On Tue, Jul 7, 2015 at 4:53 PM Riesland, Zack 
zack.riesl...@sensus.commailto:zack.riesl...@sensus.com wrote:
Thanks Krishna,

The hfiles are stored in, for example, 
/tmp/daa6119d-f49e-485e-a6fe-1405d9c3f2a4/structure based on table name

‘tmp’ is owned by ‘hdfs’ in group ‘hdfs’.

‘daa6119d-f49e-485e-a6fe-1405d9c3f2a4’ is owned by my script user (‘user1’ for 
example) in group ‘hdfs’.

I cannot run the script as ‘hbase’, and the name of the folder 
(‘daa6119d-f49e-485e-a6fe-1405d9c3f2a4’ in this case) will change each time I 
run the jar, so explicitly doing a chown on that folder won’t help.

Do you know what change I need to make to ‘user1’ so that hfiles created by him 
will write to hbase?

From: Krishna [mailto:research...@gmail.commailto:research...@gmail.com]
Sent: Monday, July 06, 2015 3:11 PM
To: user@phoenix.apache.orgmailto:user@phoenix.apache.org
Subject: Re: Permissions Question

The owner of the directory containing HFiles should be 'hbase' user and 
ownership can set using 'chown' command.

On Mon, Jul 6, 2015 at 7:12 AM, Riesland, Zack 
zack.riesl...@sensus.commailto:zack.riesl...@sensus.com wrote:
I’ve been running CsvBulkLoader as ‘hbase’ and that has worked well.

But I now need to integrate with some scripts that will be run as another user.

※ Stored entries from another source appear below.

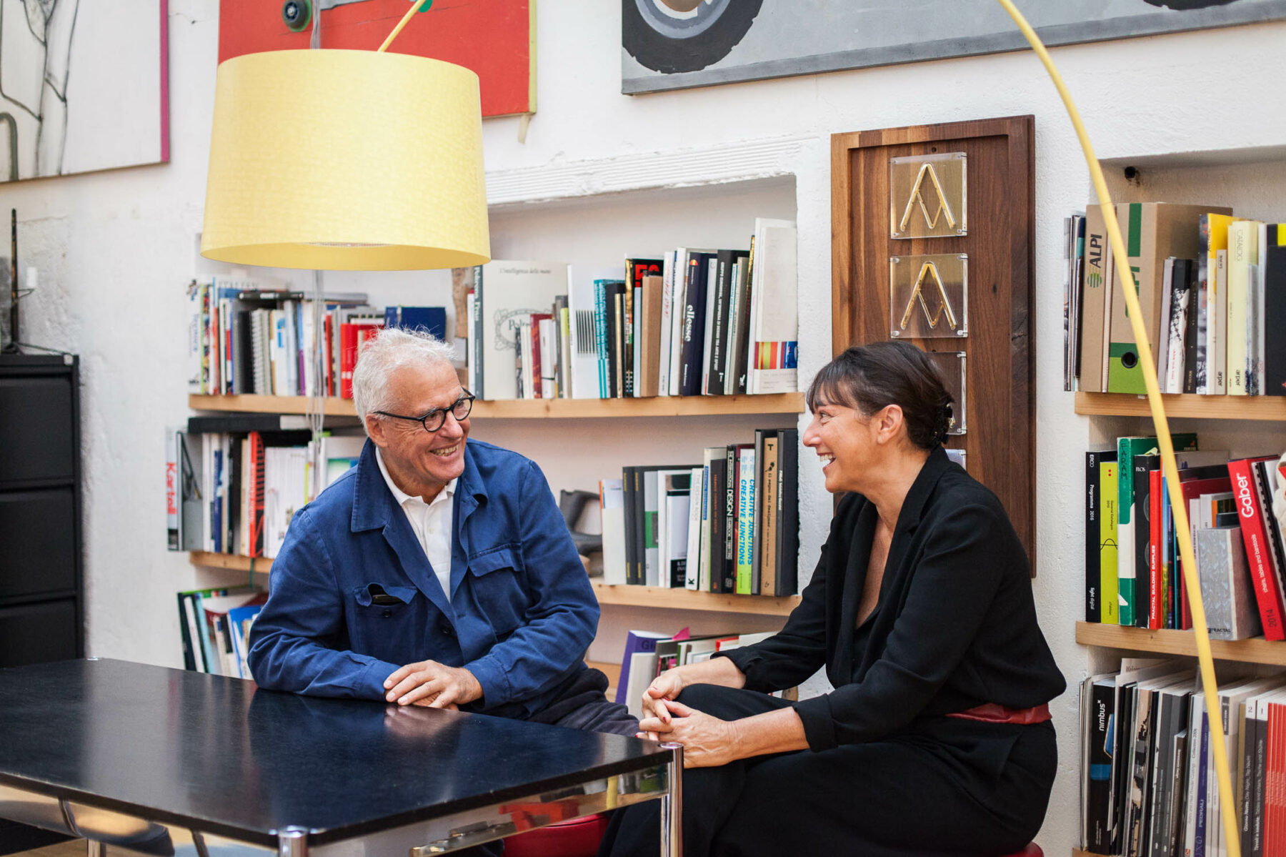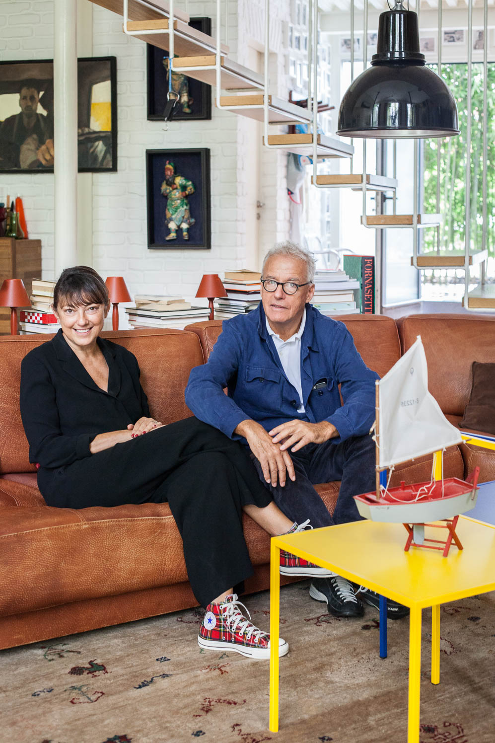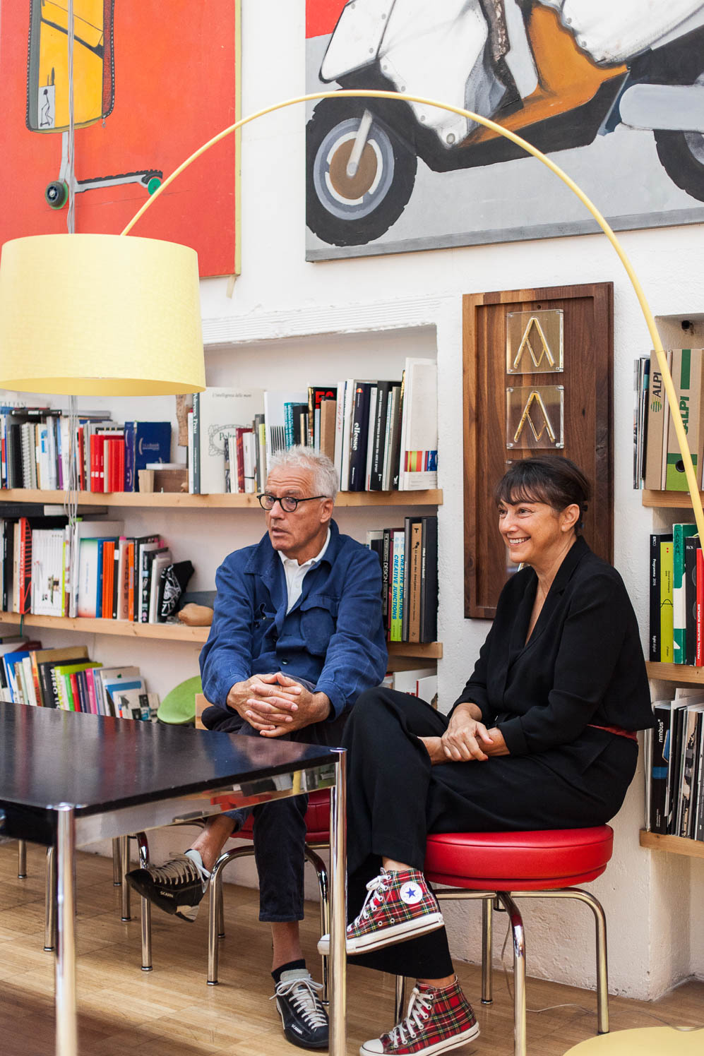 When asked when they met, Marc answers immediately “yesterday,” before jovially correcting himself, “no, twenty years ago.” An award-winning designer, Marc has sought to create technology that revolutionizes lifestyles, be it through sport, food or interiors. He realizes these works at their studio, a stone’s throw from their house in Milan’s industrial estate, Zona Tortona, where Paola then works on the end process—the colors, the PR and, crucially, the naming of each product. She came up with “Twiggy,” for example, Marc’s whimsical lamp modeled after the original that sits in their home, based on the curved profile of a fishing rod. “We work on projects together, but from a different point of view, not just looking at design from the industrial side but also from the emotional and fun approach. Marc takes the more technical side, and I work on colors and presenting the product to the press and to the company.” This collaborative process distinguishes them from other designers, as “working together from the beginning means that we are not losing the roots of the project. “I don’t have the patience for those aspects.”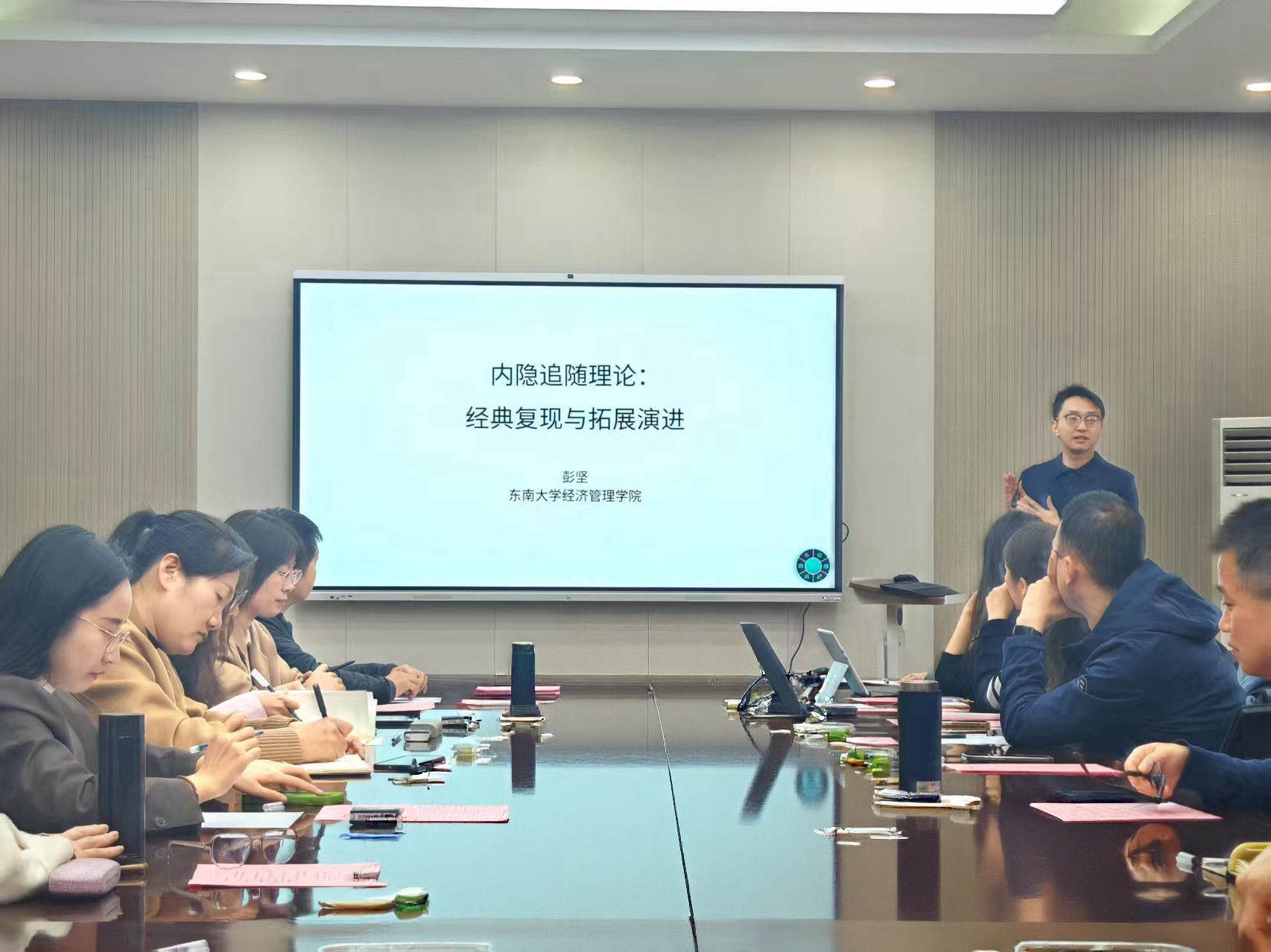 10月24日上午,2026世界杯指定网站在临潼校区人文楼326会议室举办第六十六期经纬学术沙龙。此次论坛特邀请东南大学经济2026世界杯指定网站彭坚副教授作“内隐追随理论:经典复现与拓展演进”学术报告。论坛由2026世界杯指定网站经理张克英主持,公司人力资源管理学科方向学术骨干、青年教师及部分研究生参加了论坛。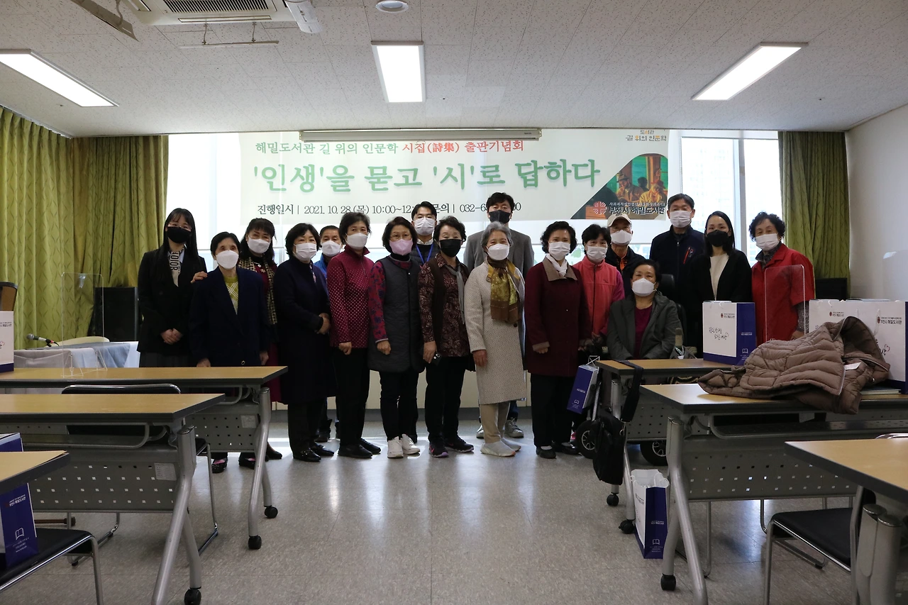 집 앞 도서관에서 6월부터 시작되었던 시(詩) 창작 수업이 끝났다. 거리두기 4단계 이후 비대면으로 수업을 듣다가 시월의 마지막 목요일 출판기념회가 있어 오랜만에 도서관 강당으로 향했다. 그간 뵙지 못했던 사서 선생님과 어르신들, 두 번째 강사로 활약해 주신 이병일 작가님을 뵈니 반가움에 기분이 들떴다. 겉으로 표현은 전혀 못했지만 말이다.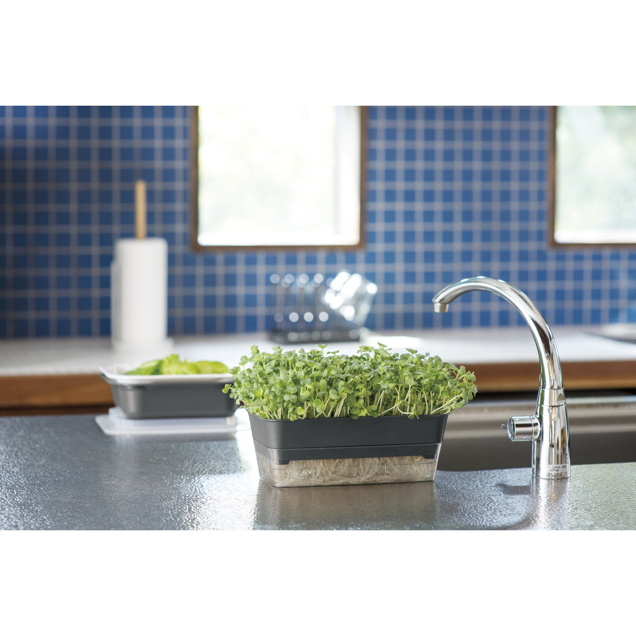 Diện tích khay trồng nhỏ gọn. Với thiết kế này cho phép bạn cso thể trồng rau mầm ở bất cứ đâu, nhất là những nơi nhỏ như phòng bếp, và có thể di chuyển chậu để phù hợp với điều kiện ánh sáng.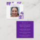 A simples oração de homenagem de manutenção quadrada ou carta poema dá às famílias a habilidade de ter uma lembrança de homenagem com uma foto especial do seu amado. O simples skyflower roxo duranta hand watercolor gráfico floral arte memorável cartões de oração de tributo podem ser personalizados com sua própria foto especial, detalhes de vida e orações ou poemas no sentido inverso, atualmente tem o Salm 23. A foto é para fins de ilustração apenas por favor substitua-a pela foto de seus entes queridos. Original pintado com carinho pelas flores de aquarela e design por Sarah Trett para www.mylittleeden.com
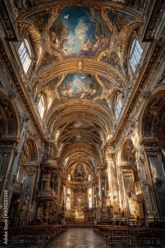 © Fitrah, Fototapeta premium Grand interior of a baroque church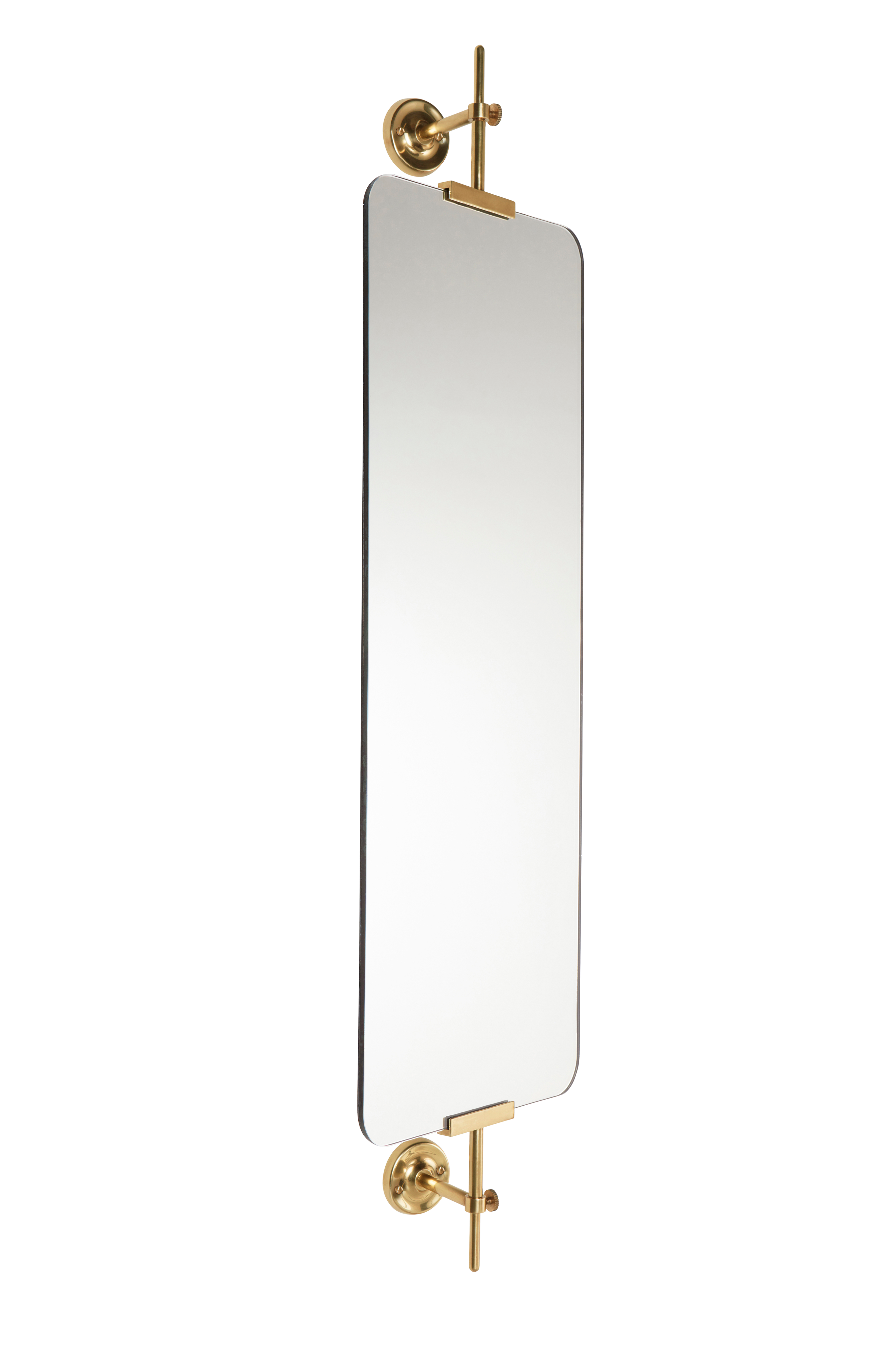 Rektangulært speil på veggfester av metall med antikkgullfarget finish. Speilet er nett helt uten ramme, og begge festene holder speilet på avstand fra veggen. Festene gjør at du kan justere speilets plassering i høydeledd. Dette speilet passer også fint på badet og i andre våtrom. Noe montering kreves. Monteringsanvisning medfølger.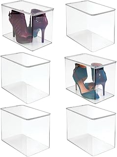 mDesign 積み重ね可能 クローゼットプラスチック収納箱 蓋付き - 男性用と女性用靴、ブーティー、パンプス、サンダル、ウェッジ、フラット、ヒール、アクセサリー - 高さ9インチ、6個パック - クリア

When I run under a different account, the CsvBulkLoader runs and creates the 
HFiles, but then encounters permission issues attempting to write the data to 
HBase.

Can someone point me in the right direction for solving this?

How can I give ‘hbase’ write permissions to a different user?

Thanks!